- Wall Street stalwarts are intensifying their commitment to putting assets on distributed ledgers.
- JPMorgan Chase and Visa join BlackRock and Franklin Templeton in pursuit of new infrastructure.
- Complexity of different assets and financial system will be a challenge.
In a major effort to upgrade the backbone of the global financial system, JPMorgan Chase and Visa have joined a project to test the feasibility of tokenising cash and other assets, SIFMA, a securities industry trade group announced Wednesday.
The project will also examine how such a system might fit in the financial regulatory regime that governs the markets and the global payment systems.
Tokenisation has emerged as a prime goal of influential players on traditional finance, such as BlackRock CEO Larry Fink, as well as crypto platforms like Berlin-based Swarm Markets.
This is because transforming a security such as a stock or a bond into a tokenised asset akin to Bitcoin promises to make it easier to process and trade.
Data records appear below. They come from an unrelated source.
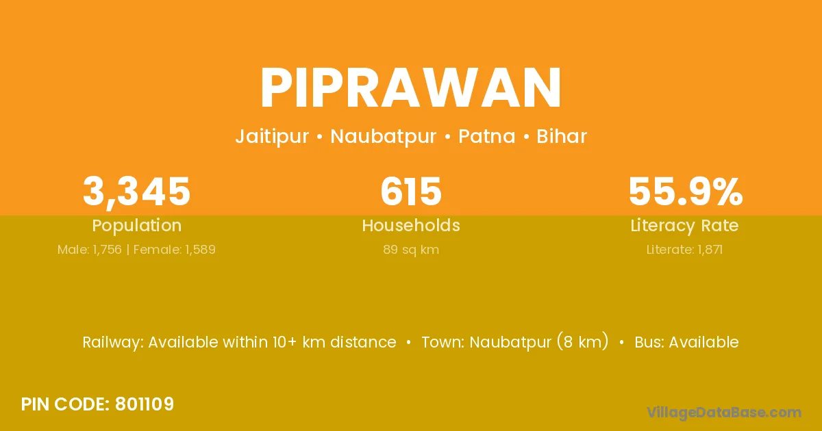 The literacy rate of Piprawan village is 65.86%. Male literacy stands at 74.98% and female literacy at 54.58%.
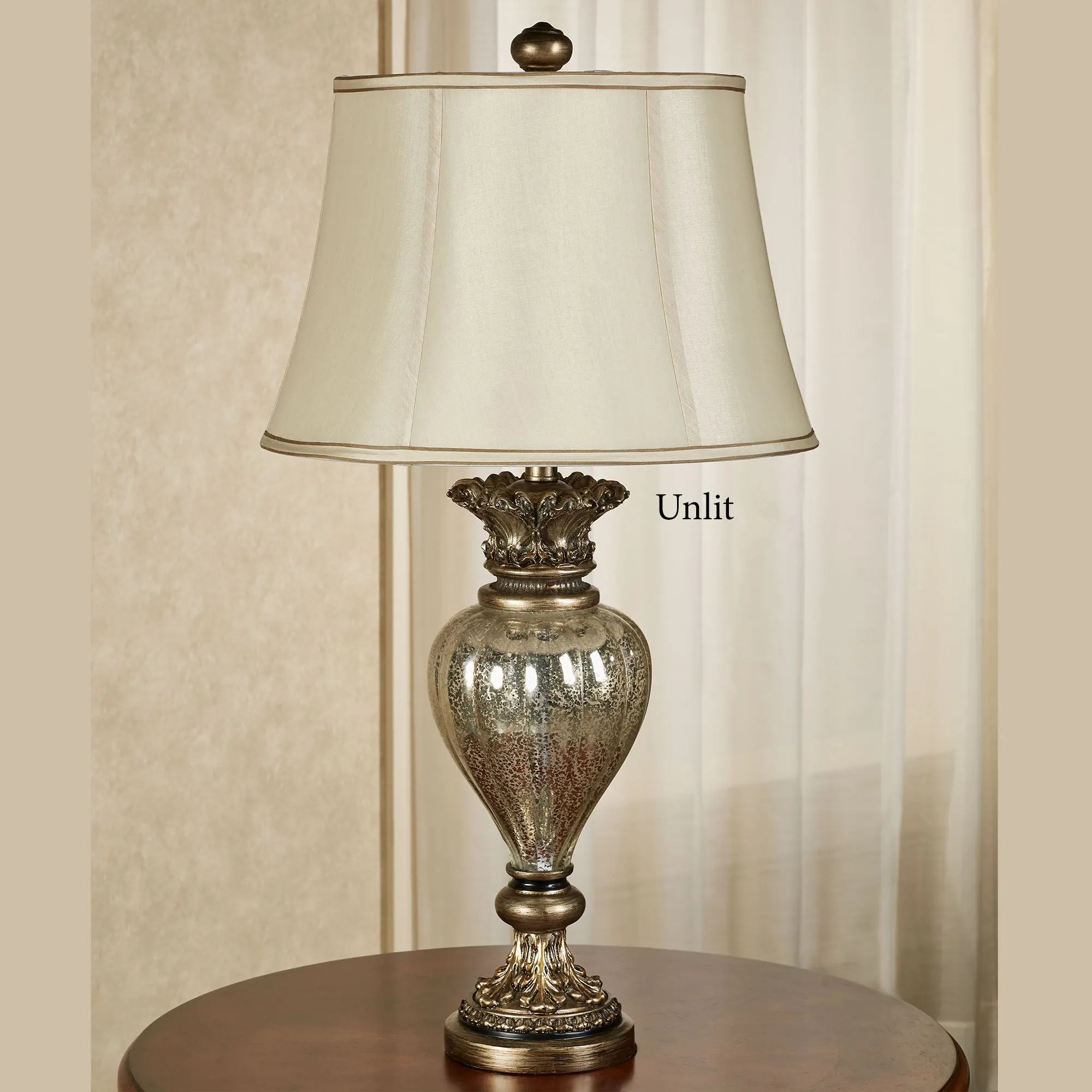 Traditional grandeur flourishes throughout the Callie Table Lamp. Finished in antique gold, the resin base and topper feature a beautiful stepped design detailed with acanthus leaves whose flowing curves complement the shaped mercury glass font. A cream faux silk empire shade with dark taupe trim adds an elegant finishing touch. UL listed. Requires one 150W max. bulb. Lamp measures 17"dia.x32"H, including the 2.5"H matching round finial.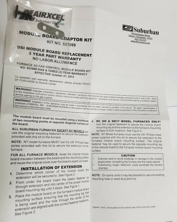 Suburban Furnace Circuit Board Kit 521099 - RV Heater Fan Control Ignition 520820

Tokenising these assets on a distributed digital ledger and recording them in a single record of account could improve settlement times and costs.
Tokenisation also holds promise for the Byzantine world of payments processing, where Visa and Mastercard, as well as PayPal, are giants.
The catch
The catch is that different assets behave in very different ways, and present contrasting risk and reward dynamics for users. A US Treasury bond, for instance, is a very different instrument than cash or stocks, each of which are processed and transmitted from market to market in their own systems.
SIFMA acknowledged this complexity and the challenge it poses for institutions.
The fact tokenisation is attracting the likes of JPMorgan and Visa underscores how important the financial establishment deems blockchain technology.
It’s unclear whether the project’s participants will turn to a public blockchain such as Ethereum, or a private network like JPMorgan’s Onyx ledger. A bespoke network for the pilot is also a possibility.
SIFMA did not immediately respond to DL News’ request for comment.
Tokenising all the things
Pitched as one of the key use cases for blockchain technology, tokenisation is finally gaining serious traction.
Heavyweights like BlackRock, the top money manager worldwide with $9.1 trillion in assets, and Franklin Templeton have already moved ahead with their own tokenisation plays.
BUIDL, or the BlackRock USD Institutional Digital Liquidity Fund, holds a mix of cash, short-term debt agreements, and US Treasury bonds. It has raked in $382 million since its launch on March 20.
In April, Franklin Templeton, which manages more than $1.5 trillion in assets, enabled the peer-to-peer transfer of BENJI, its yield-bearing, dollar-pegged token.
The BENJI token is a share in the firm’s $380 million US Government Money Fund launched on the Stellar blockchain.